On 17 April 2012 15:37, Stewart, Robert <Robert.Stewart_at_[hidden]> wrote:
>
> I applaud your desire to avoid breaking code, but there may be a
> problem.  If the header is included in different places with
> different definitions for the macro, won't that violate the ODR?
> All code linked into an application, whether statically or
> dynamically, must use the same definition for the macro.  I can
> imagine many scenarios which would violate that precondition
> without warning.

There's actually no ODR risk. The only difference is whether the
function to prevent implicit conversions is present or not. If it
isn't instantiated then the two versions of the header are effectively
identical. If it is instantiated the result is a compile error.

>> A different solution might be to change the implement of
>> Boost.Hash for bools, so that the bool overload isn't
>> required. But that would be treating the sympton, as other
>> implicit casts could cause problems.
>
> You can make all of the existing overloads into function
> templates and use SFINAE to select the specific type in each
> case.  That is, whereas there is now a bool overload, make it a
> function template that uses SFINAE to enable it only when the
> template parameter is bool.  That approach would disallow any
> implicit conversions to the built-in types for which there are
> now overloads.  That is a breaking change, of course.

I'm not very keen on changing things in the public interface. Also,
I'm still supporting some of the less capable compilers which can be a
bit odd about SFINAE. Although I'm now using SFINAE in the unordered
containers and with a bit effort it's working okay in all the test
compilers.

I suppose the big question is, which implicit casts should considered
suitable. IIUC your solution has the advantage of only banning certain
implicit casts. Even if I wanted to avoid SFINAE, I could probably
write a type trait to detect them that doesn't rely on it.

I'm not sure if an implicit cast to a class' hash_function would
always be considered safe.
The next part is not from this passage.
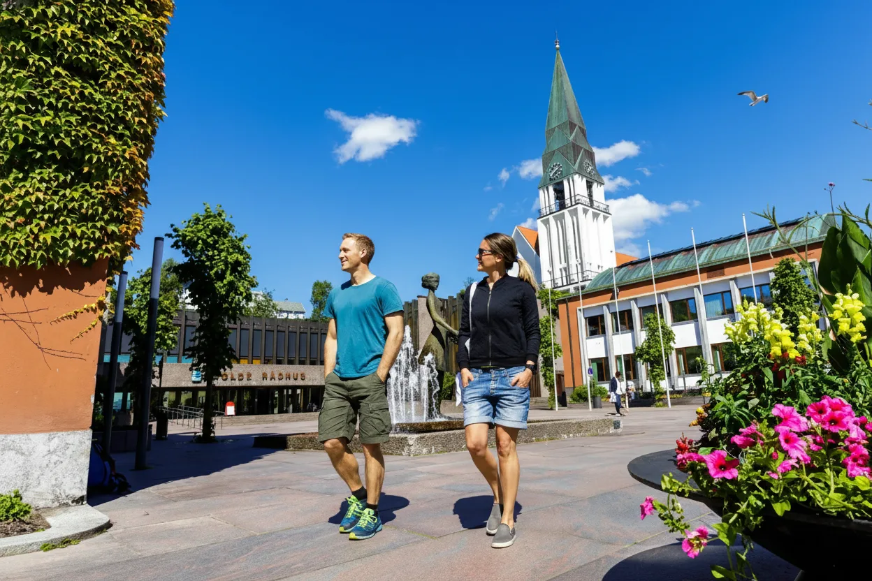 • 🚶 Stroll through the pedestrian-friendly Storgata 🌹 and see the Rose Maiden statue 🏛️
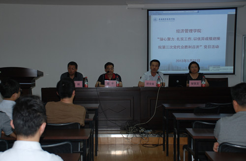 会上,经管学院党总支书记胡全裕代表经管学院总支作了题为“凝心聚力,扎实工作,以优异成绩向党代会献礼”的主题发言。胡书记的发言分为两个部分,第一部分,回顾了过去5年在上一届党委班子领导下学院取得的辉煌成绩,介绍了本届党代会召开前期各项筹备工作的进行情况,展望了学院“十二五”厚积薄发的发展规划。发言的第二部分,胡书记简单从师资队伍、专业建设、学生管理、校区运行等几个方面总结了经管学院5年来的发展成绩,重点指出经管学院在学院跨越式发展的新的历史时期所面临的机遇和挑战。活动中,党员教师们热烈的讨论了经管学院对高职本科专业培养的积极探索以及多校区运行模式下各方面工作的创新与改革等诸多热点问题,大家畅所欲言,各抒己见,碰撞出了很多思想火花。现场气氛热烈,高潮迭起。

For example, someone might supply a lossy
implicit conversion to std::string.

> You could also use std::numeric_limits<T>::is_specialized to
> detect a possibly larger set of types to which overloads in the
> details namespace could be applied.

That's an interesting idea regardless of this issue. But I'm not sure
how much you can infer from a numeric_limits specialisation. My worry
is that someone might specialise it for a class that gives the hash
function problems, something like a big int perhaps.